Published Dec. 11, 2002

The Other Wise Man
draws me every year

One space of my bookshelves is devoted to Christmas books. There I find many pages of inspiration about the season, but there is one very small book - just 72 pages - that carries a powerful message. I return to it year after year.

Long before I owned this slim volume I was introduced to the story by my seventh-grade English teacher. Her classes always looked forward to the final minutes of her Friday class because she read to us. In December Mrs. Nye read us Henry van Dyke's The Story of the Other Wise Man.

"It is a story," the author said, "not to be found among the ancient lore of the East nor is it written in any other book." He continued, "I do not know where it came from - out of the air perhaps." Van Dyke explained that during long nights when he was tormented with pain and facing the thought that his work in the world may be almost ended, although he knew it was not nearly finished, was when the story began to unfold. He said, "Even certain sentences came to me complete and unforgettable, clear-cut like a cameo. I heard fragments of the tale in the Hall of Dreams, in the palace of the Heart of Man."

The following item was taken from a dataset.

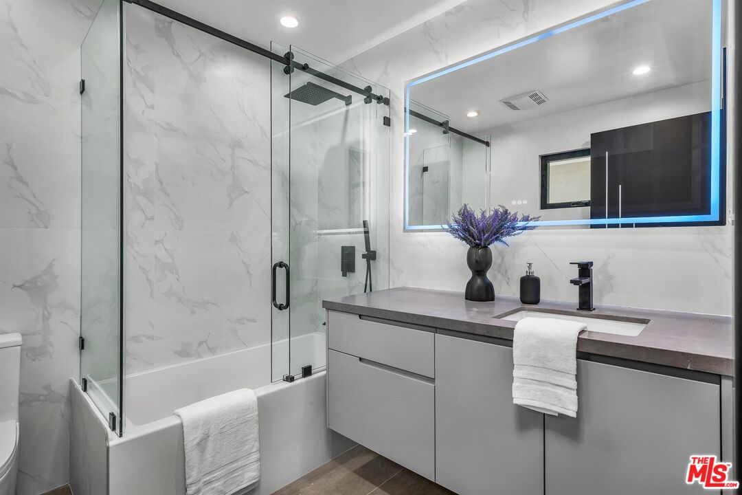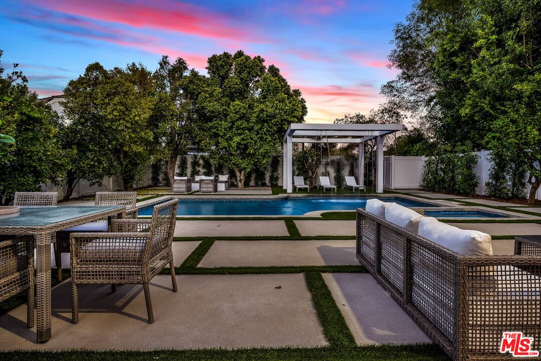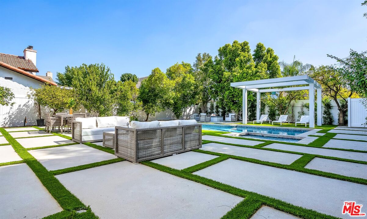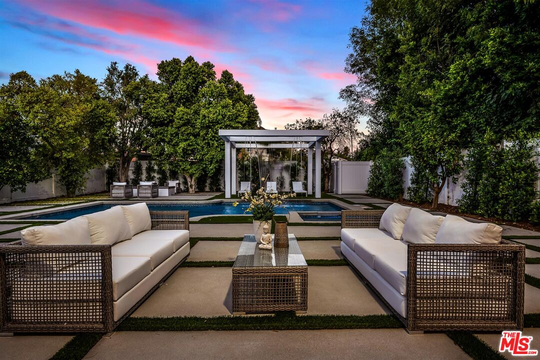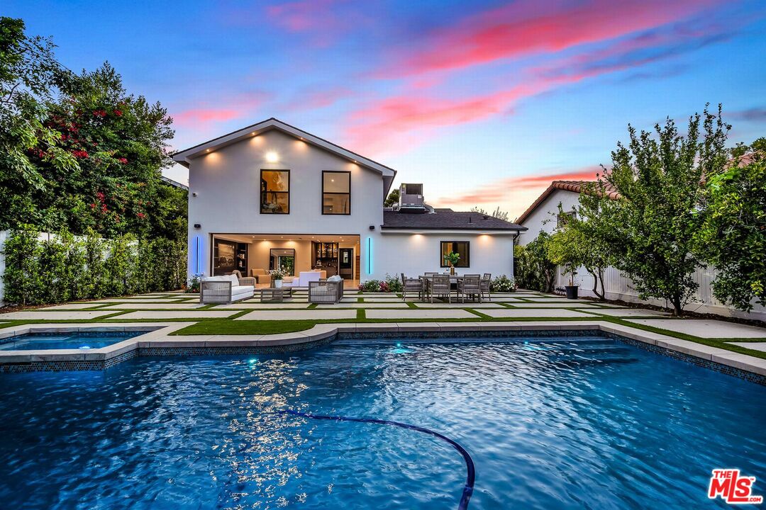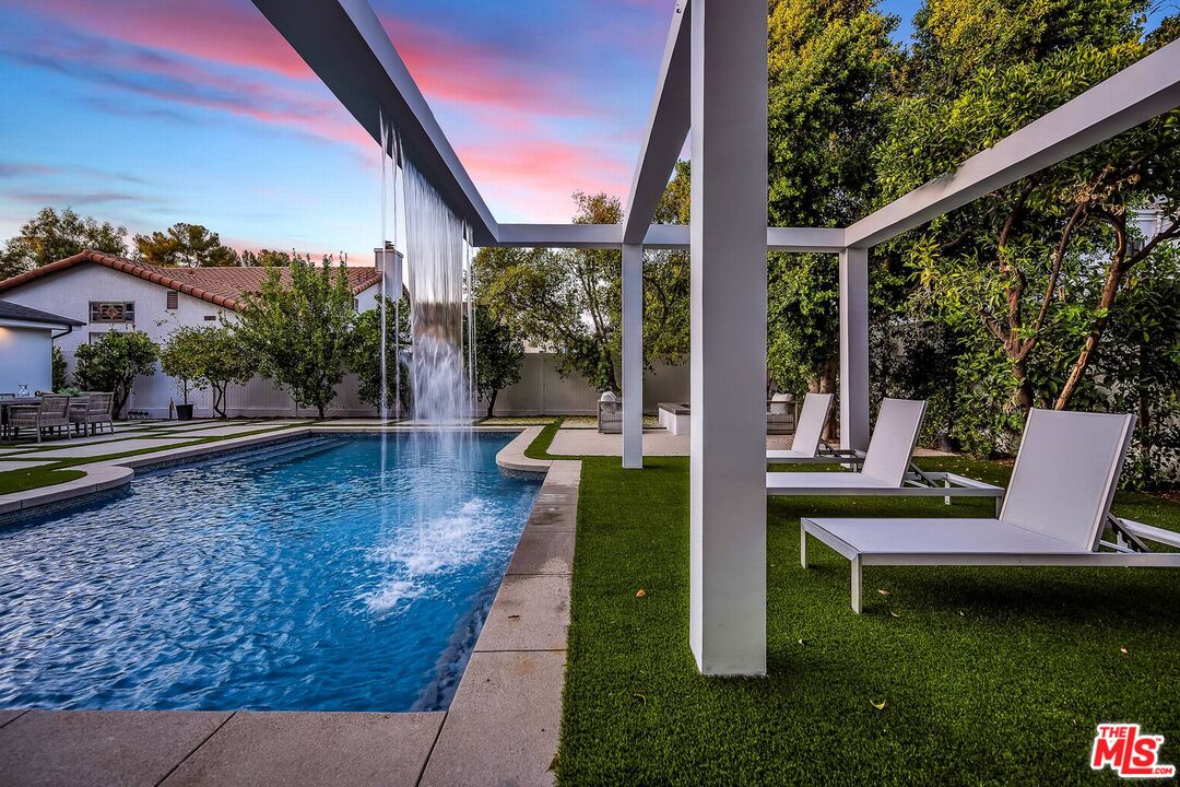 Presenting an exceptional blend of luxury and contemporary design in the heart of Tarzana, south of Ventura! Boasting 4 bedrooms and 4.5 baths, this home seamlessly blends immaculate design with the warmth of "home," making it perfect for living. The main floor features a formal living room, a dining room, family room, a gourmet kitchen. The expansive gourmet chef's kitchen showcases high-end finishes, top-of-the-line Miele appliances, and an oversized island. Family room comes complete with a custom built-in bar, dedicated wine cellar, and FOOLDING patio doors that opens to the private backyard oasis great for indoor- out door gatherings. One en-suite bedroom is conveniently located on the main floor which could be a junior suite with a private entre. There are 3 generously sized bedrooms which are all en suite with large bathrooms for privacy and comfort are located in the second floor. The primary bedroom featuring an office, large walk-in closet, and a luxurious bathroom with a freestanding soaking tub, and a massive standing glass shower. This smart home is equipped with a great system, allowing you to set your home to your comfort standards with a touch of a button. Folding patio doors open to the lush landscaping creates a private oasis with a pool/spa and an incredible water /waterfall feature, providing an escape from the bustling city and an opportunity to soak up the serenity. No expense has been spared on this home, finished with exquisite and high-quality details and finishes throughout. Conveniently situated with easy access to Ventura Blvd &, dining, shopping and more, this home is a must see.Interested in this Listing?

Van Dyke was the most prominent of a talented family. Born in Germantown, PA in 1852, he died in 1933 at the age of 81. Educated at Princeton University, he went on to serve as the pastor of a United Congregational Church in Rhode Island and then as the minister for the Brick Presbyterian Church in New York City. He returned to Princeton as a professor of English literature. President Woodrow Wilson appointed him to be minister to the Netherlands and Luxembourg from 1913 to 1916. In World War I he served as a Navy chaplain. After the war he returned to Princeton but stayed active in the Presbyterian Church.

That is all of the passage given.